Wraparound care is delivered through ClubsComplete, and the school states availability from 07:30 to 17:45. For working families, this is a material advantage, because it reduces reliance on ad hoc childcare and makes the school day logistically workable.
The school day begins at 08:45, with Reception routines such as “Busy Fingers” described as a fine motor warm-up, and the day ends at 15:15 for pupils, with collection from classroom doors.
Wraparound care is available from 07:30 to 17:45 via an external provider, which is important to confirm directly if you need specific session times, pricing, or holiday coverage. Term dates for 2025 to 2026 are published on the school site, which helps families planning ahead for childcare and travel.
Transport and access are unusually well documented for a primary. The school’s travel plan describes the site on Brookshill (A409), shared access constraints, bus routes serving the area, and an expectation that families use walking, public transport, cycling, and scooting where possible. It also signals that parking restrictions and enforcement are a live consideration, so families who rely on driving should read the school’s travel expectations carefully.
Competition for places. Demand is strong, and the school is oversubscribed in the latest available admissions data. Have realistic alternatives ready alongside this preference.
Faith character is central. Islamic values and faith practices are integrated into the day structure. This will suit many families, but those seeking a more secular framework should reflect honestly on fit.
Learning checks need to be consistently sharp. The most recent inspection highlights that misconceptions are not always identified and corrected quickly enough, which can create gaps over time. Ask how teachers check understanding and how intervention works day to day.
A young school means evolving benchmarks. As cohorts reach Year 6 and more published outcomes appear, the data picture will become clearer. Parents should keep an eye on updated results as they are released.
Hujjat Primary School offers a clearly defined ethos, structured routines, and a day that is designed to work for families who need wraparound care. External evaluation places it securely in the Good bracket, with a curriculum that is ambitious for a growing school and a culture where pupils feel safe.
Who it suits: families who want a state funded primary with an explicit Islamic values framework, strong behaviour expectations, and a practical school day that supports working patterns.
The main challenge is admission. Oversubscription means fit alone is not enough, you also need a realistic plan for securing a place and for what you will do if you do not.
The most recent Ofsted inspection (January 2023) rated the school Good overall, including Good judgements for quality of education, behaviour and attitudes, and early years provision. The report also describes pupils as feeling safe and leaders as ambitious for what pupils can learn over time.
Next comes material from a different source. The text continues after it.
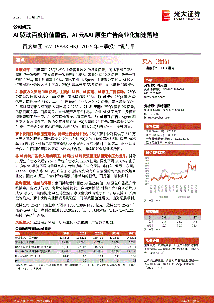 百度集团~SW:光大证券-百度集团~SW-9888.HK-2025年三季报业绩点评:AI驱动百度价值重估,AI云&AI原生广告商业化加速落地-251119

Yes. It is a state funded free school, so there are no tuition fees. Families should still budget for typical school costs such as uniform, trips, and some optional clubs.
Applications are made through the local authority route, and if you are applying under the faith criteria you also need to submit the school’s supplementary information form directly to the school. The published deadline for applications and supplementary forms for Reception 2026 is 15 January 2026.
Yes. The school states that wraparound care is run by ClubsComplete and is available from 07:30 to 17:45. Availability of specific sessions and holiday provision is best confirmed directly with the provider.
The published programme includes Choir, LAMDA, Forest School Club, Arts and Crafts Club, Origami Club, Cooking Club, Gardening Club, Hujjat Times Club, taekwondo, badminton, football, gymnastics, and mindfulness sessions, with some delivered by external providers.